Food, perhaps? Not any food (which is being solved by Swiggy or Zomato anyway), but comfort food, perhaps? Something that is not ‘outside food’ (with all the extra masala and pomp associated with non-home cooked food), but something that we’re too lazy to make but yet is very simple. Say, a limited range of comfort food – idlis, rotis, dosa, etc. in 10 minutes? I don’t know – just guessing aloud 🙂
If you see McDonald’s history and the way they prioritize fast-moving items as the mainstay of the menu, they simply plan their backend systems to enable the delivery of those items. That’s precisely what a Zomato would do too – plan their internal systems at each delivery station to suit the limited number of items on the menu that people could choose from.
When people imagine ‘food delivery’, they presume anything and everything as the menu and then wonder how Zomato would deliver anything in 10 minutes. But as David Ogilvy famously said, ‘The essence of strategy is sacrifice’. If the menu itself is sacrificed to showcase only that which Zomato can deliver in 10 minutes, this task is perfectly possible.
Like the other quick-delivery grocery brands, Zomato would have a second layer incorporated besides a selective menu – selective locations. Only those locations that have a Zomato delivery station in the immediate radius would promise this 10-minute service.
But in terms of perception, the broader outlook is that ‘Zomato delivers in 10 minutes’.

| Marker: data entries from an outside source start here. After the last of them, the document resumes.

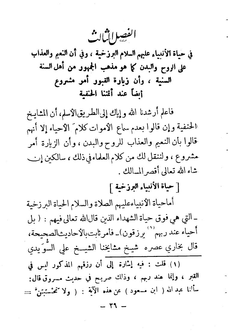 فِي حَيَاة الْأَنْبِيَاء عَلَيْهِم السَّلَام البرزخية وَفِي أَن النَّعيم وَالْعَذَاب على الرّوح وَالْبدن كَمَا هُوَ مَذْهَب الْجُمْهُور من أهل السّنة السّنيَّة وَأَن زِيَارَة الْقُبُور أَمر مَشْرُوع ايضا عِنْد أَئِمَّتنَا الْحَنَفِيَّة
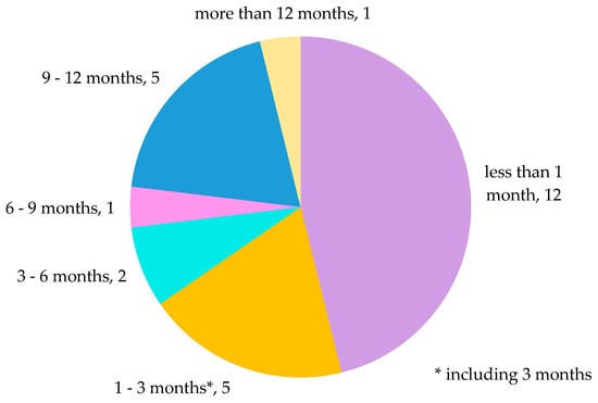 The studies’ durations had significant differences, as shown in Figure 4. Among the ones with a larger span, four used the simulation approach. One of them is a three-year study that assessed the use of HVAC, lighting and shading systems under many circumstances. Another one was the first paper published on this topic [] and one more was published in proceedings [], both within 12 months. The others implemented and assessed control in real systems [,,]. Tekler et al. [] collected data for ten days and used the information to simulate a whole year. Among the studies of shorter duration, three were carried out through simulation [,,]. The biggest advantage of simulation is the possibility of assessing different scenarios, test strategies and approaches. Nevertheless, it is not possible to analyse a system’s performance with real users, daily. It is not possible for the users to give an opinion about the system or indicate if they are satisfied or not, and the reasons for that either.
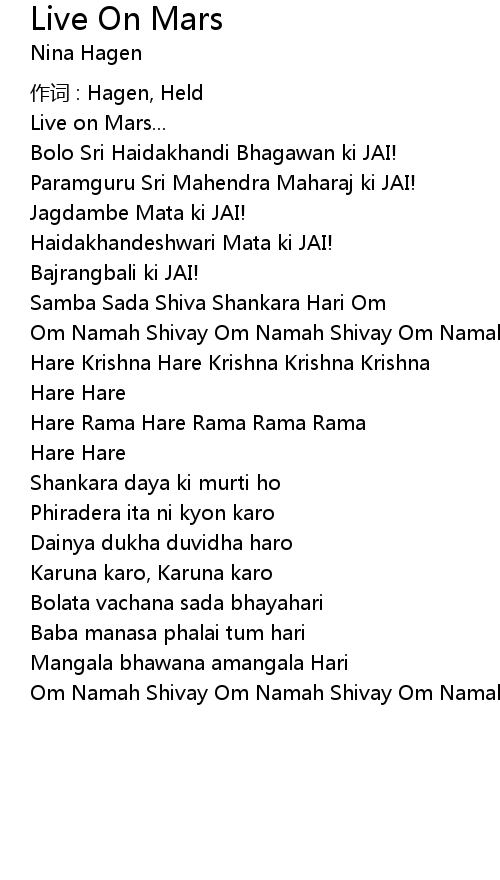 | Om Namah Shivay Om Namah Shivay Om Namah Shivay Om Namah Om (x2) | |
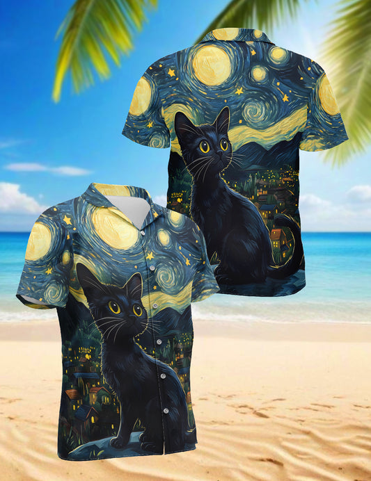 Netecom Starry Night Cat Hawaiian Shirt for Men, But...
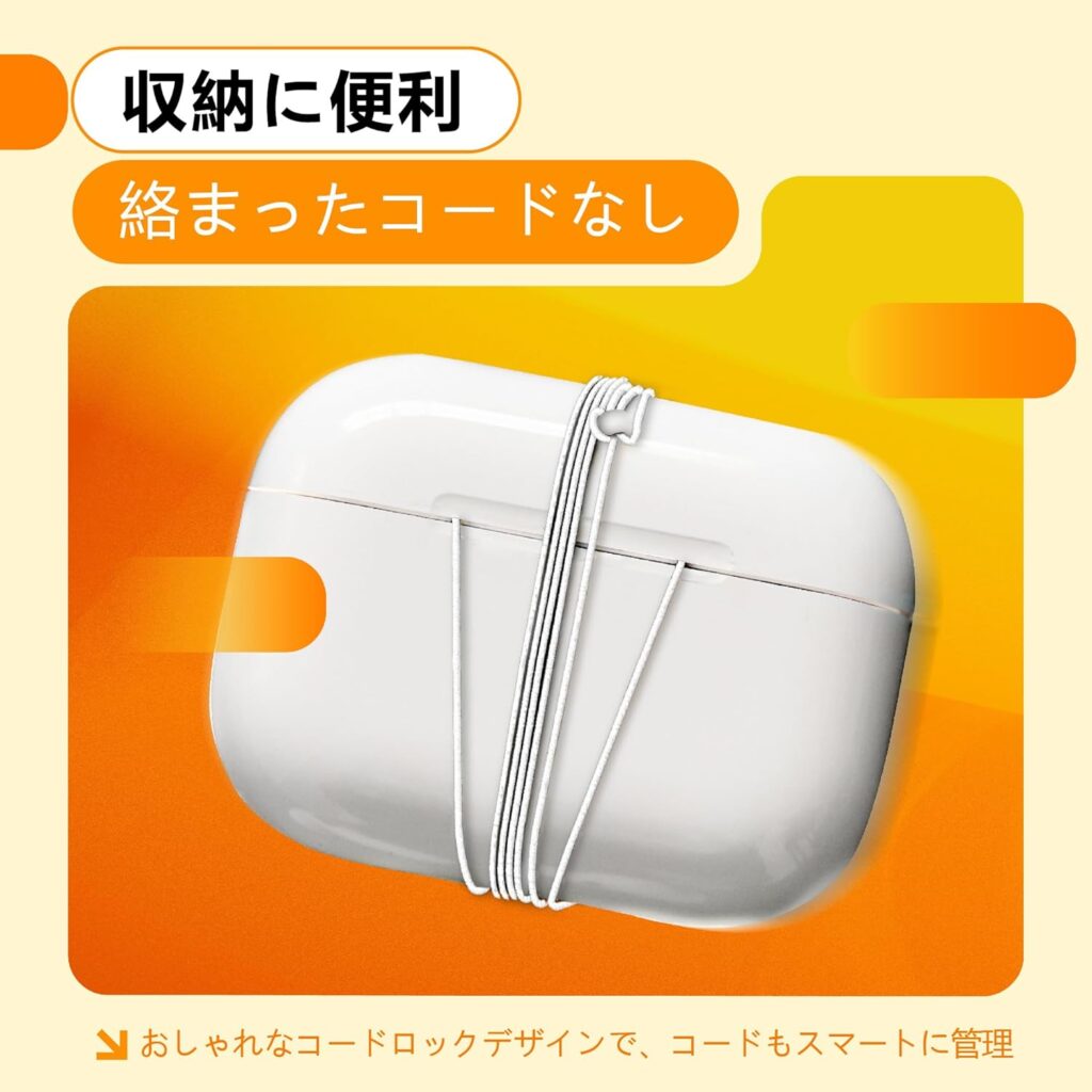 また、下画像のように充電ケースにコードを固定できる構造で、絡まる心配がありません。
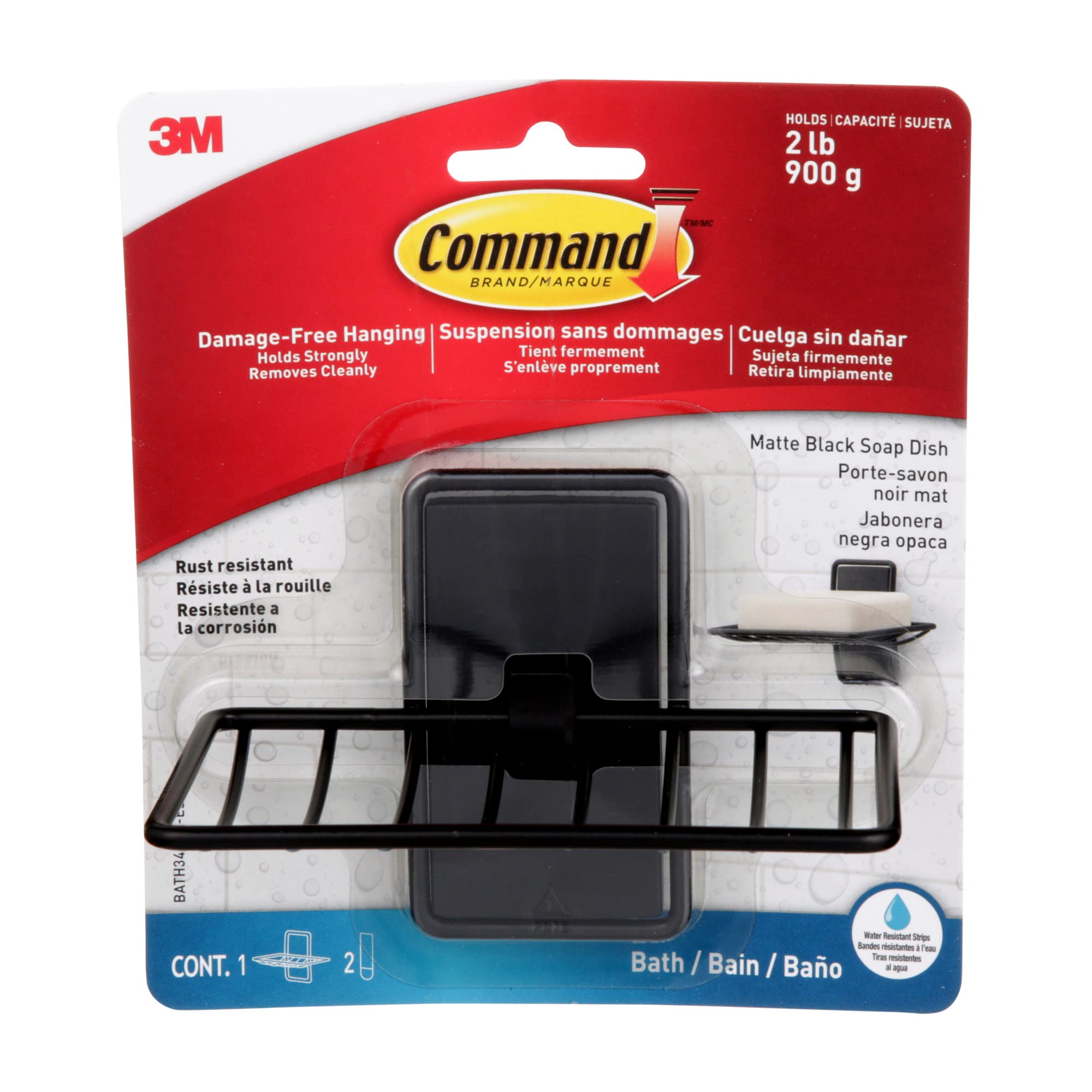 - Q: What is included in the package of the Command Soap Dish? A: One package includes one Matte Black soap dish and two water-resistant Command Strips.
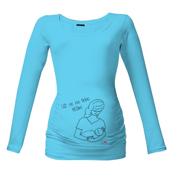 Triko pro těhotné s autorským obrázkem od Zažrané mámy a nápisem "Už se na tebe těším!"

Zomato also mentions ‘sophisticated dish-level demand prediction algorithms’ in Deepinder’s blog post introducing this new service. This is the ‘McDonalds brothers figuring out that 80% of their sales come from burgers’ part. To understand a larger trend in terms of demand, and to match it with what they can feasibly produce very fast (within a minute or two) so that the 10-minute delivery can be enabled. If, for instance, paneer butter masala is one such dish, it is something that can be made first thing in the morning (freshly) and stored in adequate quantities (based on the prediction algorithm). It could then be reheated in a limited quantity instantly when there’s an order and delivered. Sure, but what if the customer wants butter naan along with it?

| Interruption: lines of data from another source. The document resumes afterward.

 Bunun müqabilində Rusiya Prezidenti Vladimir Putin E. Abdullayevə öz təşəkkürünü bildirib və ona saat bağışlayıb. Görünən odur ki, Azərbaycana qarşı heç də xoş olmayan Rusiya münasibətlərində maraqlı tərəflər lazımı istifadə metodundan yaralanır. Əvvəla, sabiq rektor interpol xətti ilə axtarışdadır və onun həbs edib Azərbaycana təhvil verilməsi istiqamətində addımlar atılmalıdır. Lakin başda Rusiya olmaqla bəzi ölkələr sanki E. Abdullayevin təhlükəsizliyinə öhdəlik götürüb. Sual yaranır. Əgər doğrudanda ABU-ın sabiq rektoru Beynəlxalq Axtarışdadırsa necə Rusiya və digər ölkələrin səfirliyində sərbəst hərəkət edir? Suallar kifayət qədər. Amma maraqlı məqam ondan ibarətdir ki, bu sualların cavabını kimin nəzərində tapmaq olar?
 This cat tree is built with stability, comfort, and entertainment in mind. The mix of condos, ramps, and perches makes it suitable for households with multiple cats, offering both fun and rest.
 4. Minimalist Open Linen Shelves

For that, observe the other mention in Zomato’s post: ‘future-ready in-station robotics’.
There is considerable movement in this direction!
So, a fully/partially automated food station equipped with robots that can promise 10-minute delivery of a limited item menu is not inconceivable at all. The only thing you need to remember is that ‘food delivery in 10 minutes’ does not mean ‘any food’ delivered in 10 minutes and contort yourself with ‘will it be freshly cooked?’, ‘can they make and deliver a masala dosa?’ among other existential questions. If a robot is taught how to make a burger, it can be taught how to make masala dosa too, if Zomato wants to add it to the menu.
The other questions are beyond the purview of ‘how can they…?’:
- if robots start cooking food, what would happen to the people who are being displaced? This is, ‘If they start this, what would happen…?’ question. Much larger in scope and impact.
- hand-made food is the best; machine-made food is artificial, right? Like a person playing an instrument vs. a computer generating that sound. This is poking a hole in the subjective quality of the food being made/delivered. This would differ from person to person.
- do we really need 10-minute food delivery? Only medicines are needed in 10 minutes, everything else can wait, no? This is a more philosophical and existential question 🙂 Again, would differ from person to person.